「中性」であること

ずっともやもやした感情があった。男の子になりたいと思っていたこともあった。それには理由があって。
ひつじが男の子だったら就職もして家族を支えることができると思っていた。
内定した会社の方針に強烈な違和感を覚えたことがはじまりだった。

日本人女性は黒髪であること
女性は子どもを産むから喫煙しないこと、など。

喫煙者で就活のために黒染めしていたひつじにとってはとても居心地が悪かった。結局、好きじゃない教授の講義を受けていなくて恐ろしいことにそれが必修だった。それが判明したのが卒業間際。そのころ既に親には言わずに精神科通院していた。
手立てを考えることを放棄した末、半年留年して9月卒業。
もちろん内定はなくなった。

その一方であの企業には就職すべきでなかったのかもしれないと考えていた。
価値観を押し付けられているような女性は、というあまりに大きな括りは理解しがたかったところもあるし女性すべてが妊娠出産を望んでいるか?という疑問も大いにあった。

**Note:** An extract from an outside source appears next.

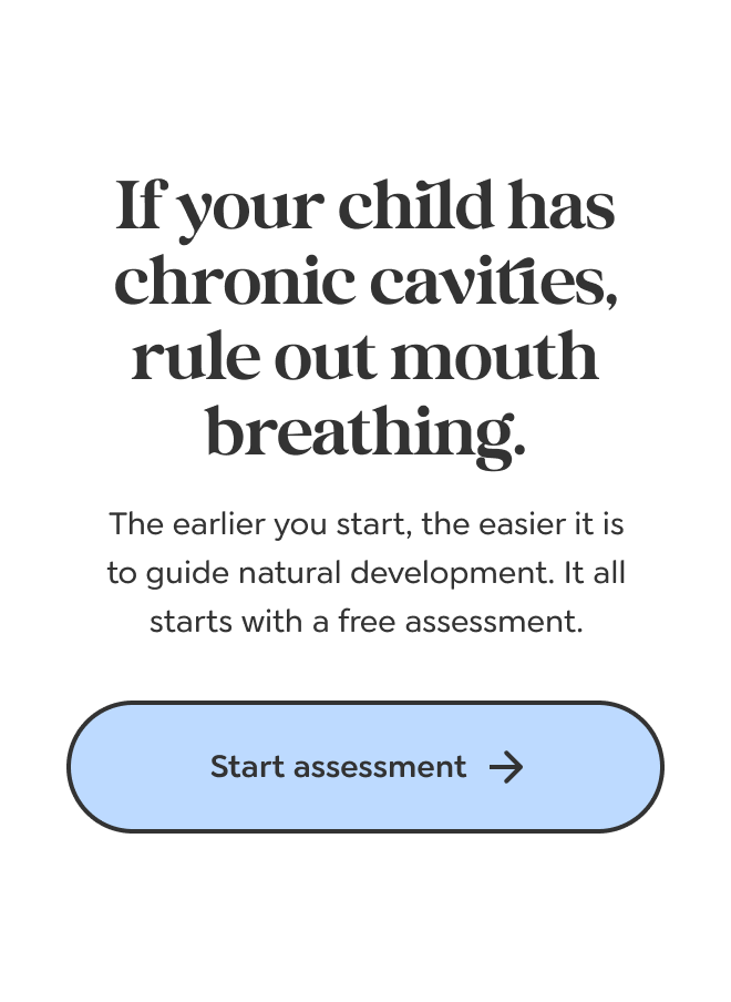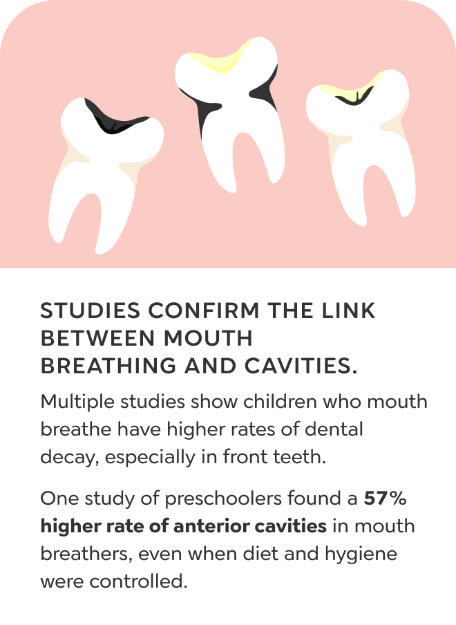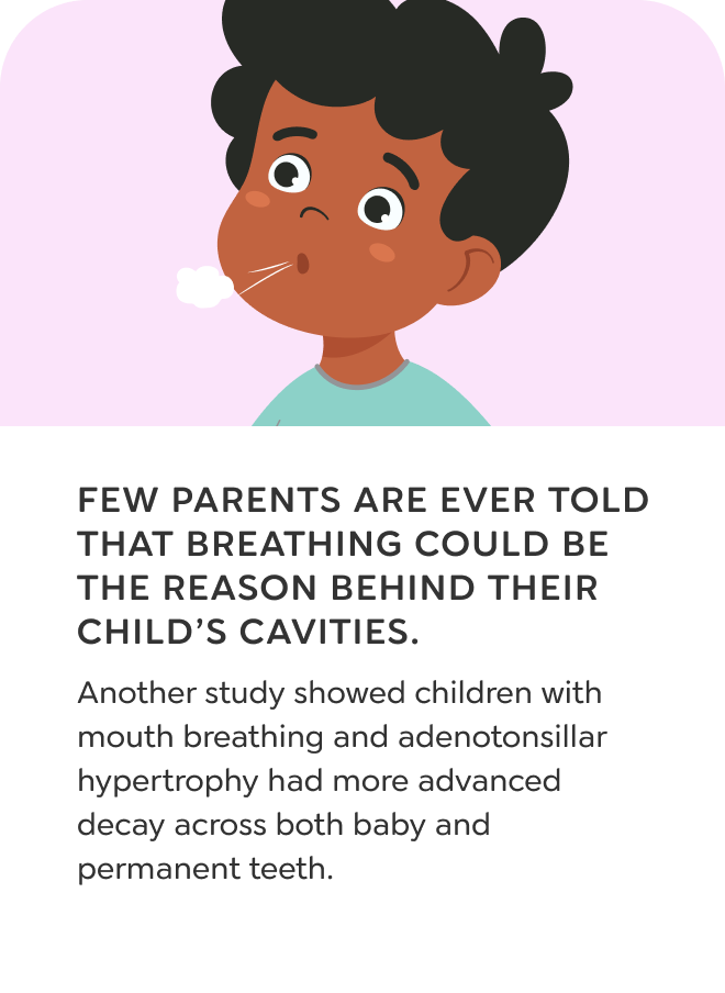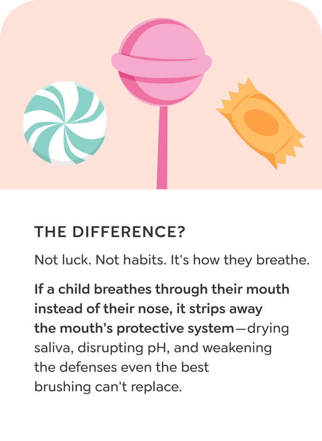 >When a child has frequent cavities despite good brushing and a healthy diet, the problem may not be dental hygiene. It is often a sign that the child is breathing through the mouth, especially during sleep, and that the structures supporting nasal breathing need to be evaluated.

それに不妊に苦しむ人もいる。

それからインターネットという世界にぬるく浸かっていたのだが性別を知られたくなくて顔出ししていたのに女性だとは思われていなかった。中性ということにして一人称は僕だった。

今でこそセクシャルマイノリティについてしきりに議論が交わされるようになったものの当時の扱いはいわゆる「厨二病」

すこしインターネットから離れた頃パートナーと同棲することになった。それから意識的に女の子を装うようになっていった。とはいえ内心は女の子の格好をしているだけといった具合で違和感は多少なりとあった。
パートナーは黒髪のロングヘアが好きなようだった。
お別れしてからまず髪を切った。
ブリーチをした。
すごく自分らしくなった気がした。
フリルやピンクを着ることもやめた。
いまは着心地の良いシャツを何枚か気回してあとは黒いスキニーが定番。

中性でいていいんだ、と思ったきっかけがある。
性別を選択しなくてはならない場面で回答しない、どちらでもないという選択肢が設けられていることが増えたように思う。その度にひつじは女性を選択しなくていいんだ。とどこかで安心していた。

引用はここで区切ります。